General Insurance Article - 320m European motor insurance policies up for grabs by 2020

Analysis by Deloitte, the business advisory firm, indicates millions of European motor insurance customers are now more willing to switch provider than they were in the past. A YouGov survey for Deloitte of 8,688 motor insurance customers across eight European countries found that up to 320 million* policies could switch by 2020.

 Whilst half (49%) of policyholders across Europe have been with the same motor insurer for the last three years or more, shifts in behaviour could see this fall by about one-third to 32% in the next five years. In the UK, 14 million private car policies – roughly half of the UK market – could change provider each year during this time. From now until 2020, Deloitte’s analysis suggests between 60 to 67 million* European policies could be swapped each year.
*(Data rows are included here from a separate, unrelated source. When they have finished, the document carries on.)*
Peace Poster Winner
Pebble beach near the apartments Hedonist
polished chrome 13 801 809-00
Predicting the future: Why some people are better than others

 Deloitte’s findings suggest the European motor insurance market is heading towards a less stable environment where customer behaviours will be more volatile and regulation is shifting how products are priced and sold.
 Alex Poracchia, insurance partner at Deloitte, said:
 “Motor insurance is at a tipping point, despite being the biggest selling general insurance product in Europe. Demand for new cars is back, with 2014 the first year since the financial crisis to see an increase in private car sales across Europe. Sales grew by 5.4%, compared with an average annual fall of 3.8% in the previous years since 2007**. Even though we’re in a better economic state, there is still pressure on households’ disposable income. This means that customers are looking for new and better products, particularly through price comparison websites, that offer greater value for money.”
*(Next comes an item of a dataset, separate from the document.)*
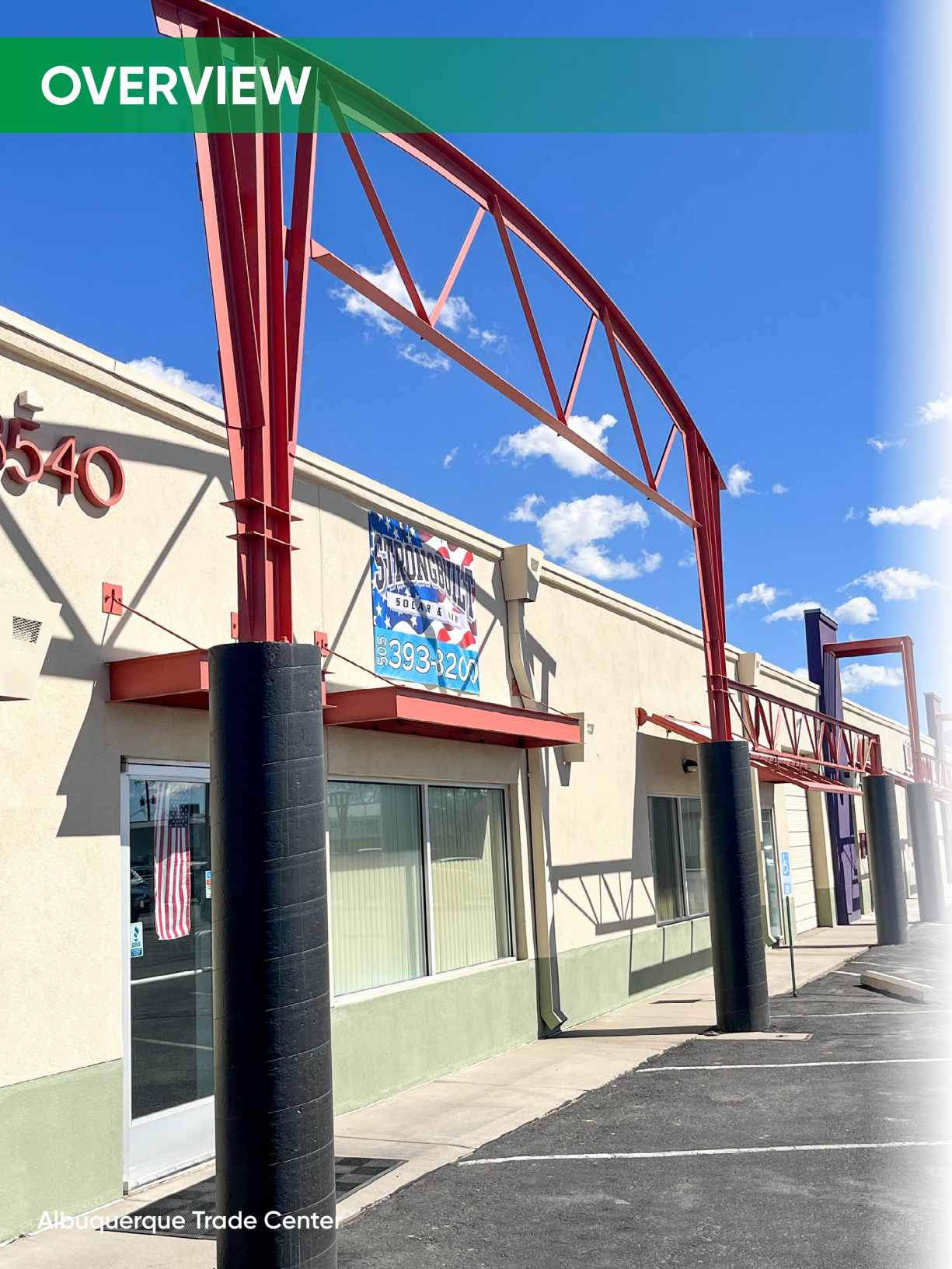
Albuquerque Trade Center

 Deloitte’s research shows cultural differences affect how motorists buy their insurance. In the UK and Ireland, for example, more than half of drivers research insurance policies online, and price remains the most quoted reason for switching. By comparison, drivers in Italy, Poland and Spain are most influenced by the recommendations of friends and family.
 Poracchia commented: “Price is still a critical factor. However, since most insurers are able to offer competitive policies, the real challenge is to understand what matters next to customers after price. Understanding cultural differences is going to be key for insurers, as we see interesting trends between countries. For example, despite being digitally savvy, one-third of customers in the UK and Ireland buy their policy on the phone directly from their insurers. In comparison, more than half of customers in the other six countries purchase their policies face-to-face, and the remainder are split between online buying and phone calls to insurers and intermediaries. Based on this, it’s easy to see how an insurer’s interaction can influence a customer to stay or not. The quality of service and experience, as well as tailoring, is going to be more important for customers in future.
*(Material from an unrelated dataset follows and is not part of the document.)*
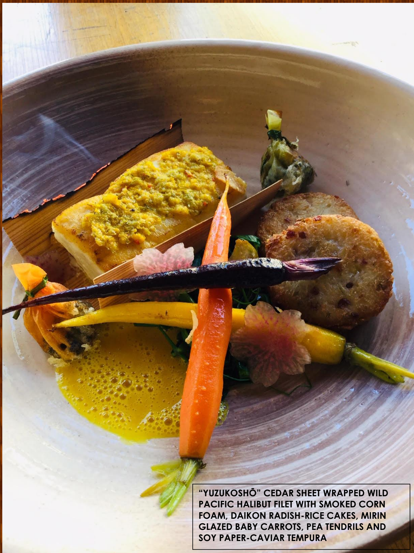
"YUZUKOSHŌ" CEDAR SHEET WRAPPED WILD PACIFIC HALIBUT FILET WITH SMOKED CORN FOAM, DAIKON RADISH-RICE CAKES, MIRIN GLAZED BABY CARROTS, PEA TENDRILS AND SOY PAPER-CAVIAR TEMPURA

 “The winners will be the insurers that demonstrate agility in customer experience, and provide them with personalised solutions rather than products. There is no ‘one size fits all’ and insurers should tailor their approach to maximise the impact on loyal customers they are looking to attract and retain. This approach will be especially important as insurers respond to the increased regulatory focus on customer protection, rights to transparency, freedom of choice at the point of sale, and compensation to claimants. These will all put pressure on insurance premiums, which will make it even more important for insurers to have a customer-centric approach to their business strategy in order to move away from a pure price play.”